We kept him there wrapped up overnight and agreed that we would take him in to be cremated in the morning. When morning came, Harriet couldn’t bear the thought of taking him in, so I said I would take him in myself, but in the meantime I’d gotten it into my head that maybe I could bring Irwin back, and that if I could bring him back, Harriet would be eternally grateful and that she would always want to be with me, and forget about any of my weirdness over the previous few weeks. We had wrapped him up in a blanket and put him in a duffle bag which I gently carried to my car and rather than taking Irwin to the vet, I took him to my laboratory. My parents weren’t home a lot so it wasn’t a surprise to come home to find the house empty and it was easy to take Irwin down to the basement unseen by anybody. I took him out of the duffle bag, unwrapped him, and placed him on the little gurney I’d created out of a metal tray and a short step ladder. I spent the next hour reading and re-reading through some of the texts, especially one written by Fyodorov to make sure I hadn’t missed something before. And just as I was about to hook Irwin up to the wiring, I realized just how wrong this was and there was a voice pointing out to me that I really didn’t know what I was doing. I looked around at all my equipment, thought about how I had acquired most of it, realized how poorly designed it all was, and that if it were possible for my chances of reviving Irwin to be less than zero, they were. I felt like an idiot and realized just how much time I had been wasting. Everything had to go, starting with Irwin, I had to wrap him up again and go do what I told Harriet that I was going to do.

           When I stepped outside to take Irwin away, there was Harriet on my front porch. She’d decided to go for a walk and our houses were only a few blocks away from each other. From the corner she’d seen that my car was parked out front, so she came to see what I was doing. I felt the blood drain from my face and I must have looked paler than I ever had in my entire life.

           “What are you doing with Irwin?” she asked.

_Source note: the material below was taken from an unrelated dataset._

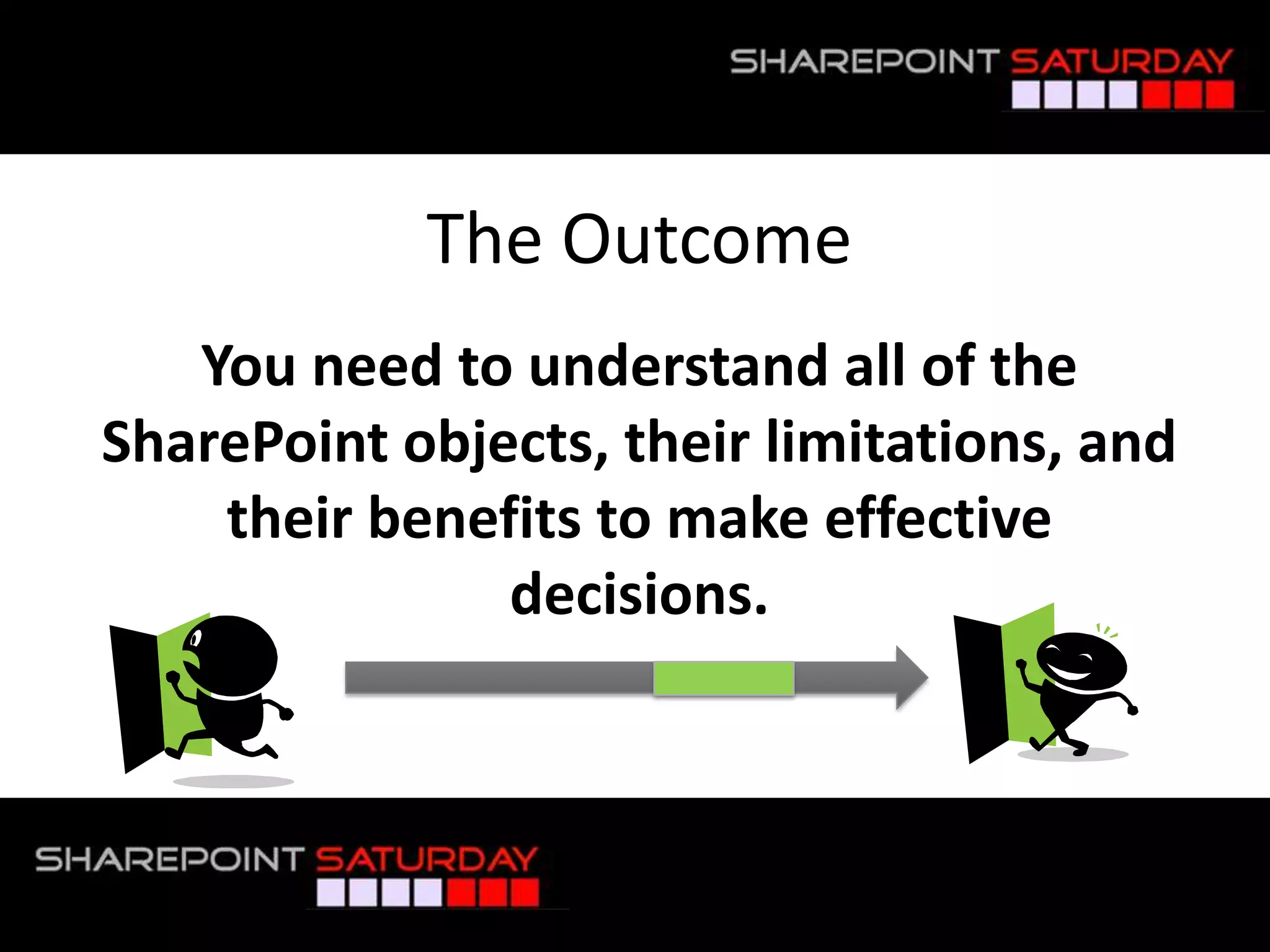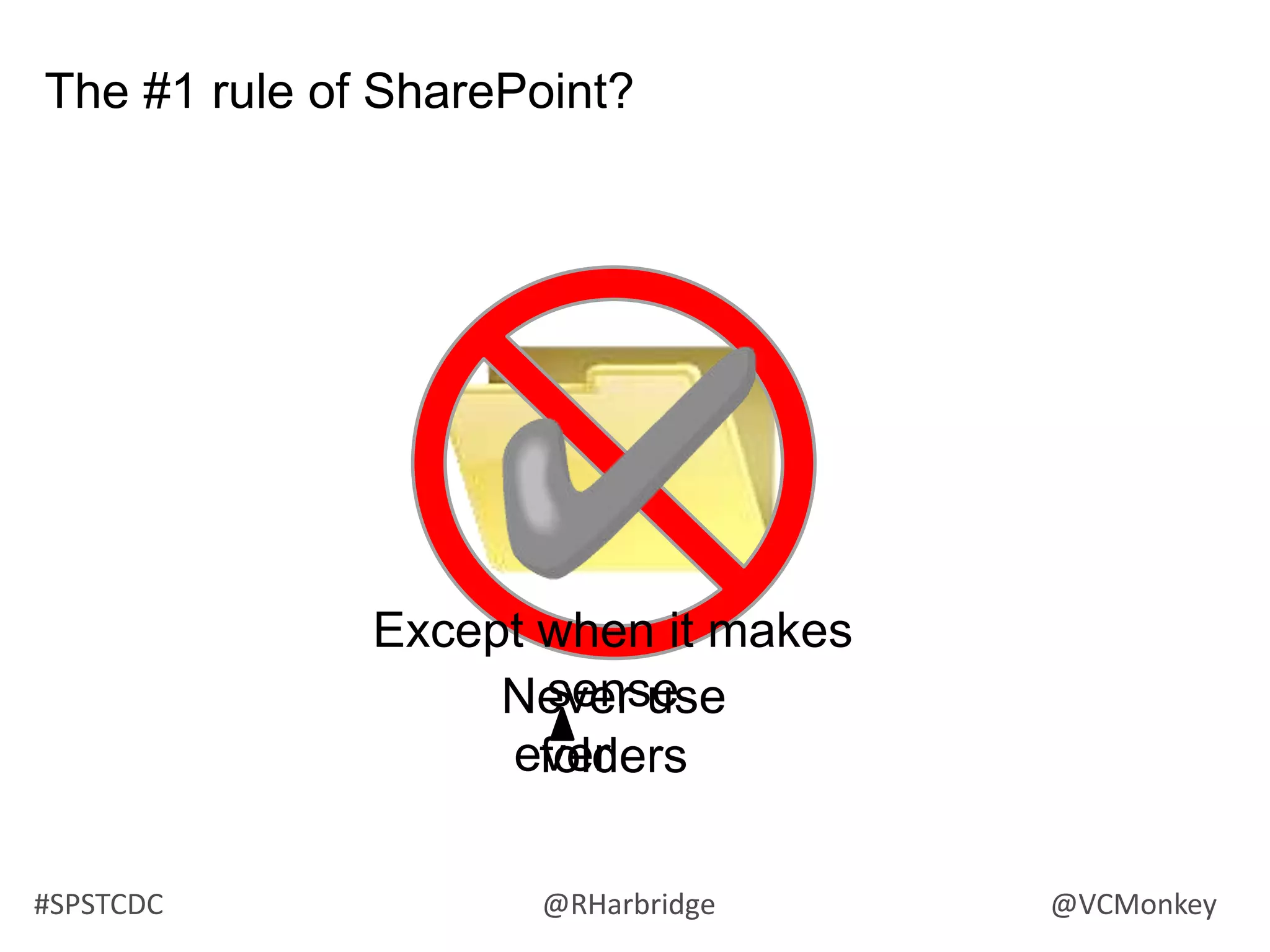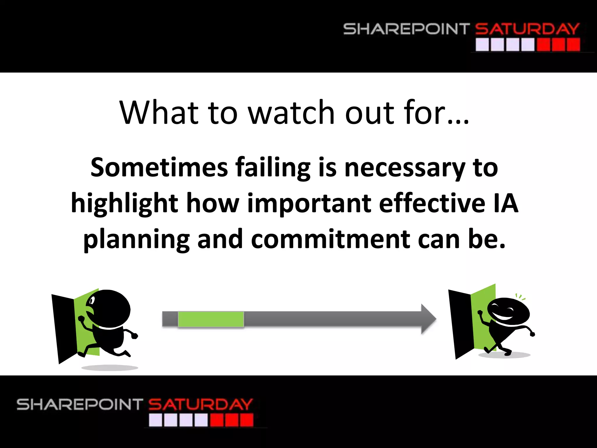 The document summarizes a presentation on information architecture for SharePoint systems. It discusses why SharePoint information systems often fail due to lack of planning, not understanding how business works, thinking the org chart is the site map, relying on Microsoft for design instead of users, and not reviewing usage. It then covers what makes an effective IA strategy, including understanding context, users, and content. It also discusses visualizing and communicating IA concepts through taxonomy, metadata, labeling, navigation systems, and card sorting techniques. The presentation aims to provide tips and strategies for developing an information architecture that works.

           I knew I had to finally tell her truth about everything, and especially about Irwin. I stumbled terribly through my entire explanation as it also covered a lot of the times I’d cut out early from her and revealed many of the times I’d lied to her about what I was doing. Naturally, she was upset and completely horrified. It didn’t matter that I hadn’t gone through with it, as that shouldn’t have mattered. That I’d gone as far as I had was incredibly disturbing to her, as it now was for me too. Everything about our relationship ended in that moment and the first thing she did after taking Irwin from my arms and taking him to be cremated was to quit her job at the sanctuary in the hopes of never having to see me anywhere again. I’ve stayed at the sanctuary, I like it there, and Harriet and I see each other around town every now and then. There’s usually a glare, but she’ll say hi and generally be polite, but our interactions typically last about five seconds, ten if she’s feeling more generous with her time. Then she goes off with that hopeless mediocrity Brandon Tully. The more that I think about it, the more I realize that my seeing her with him must be part of my deserved punishment.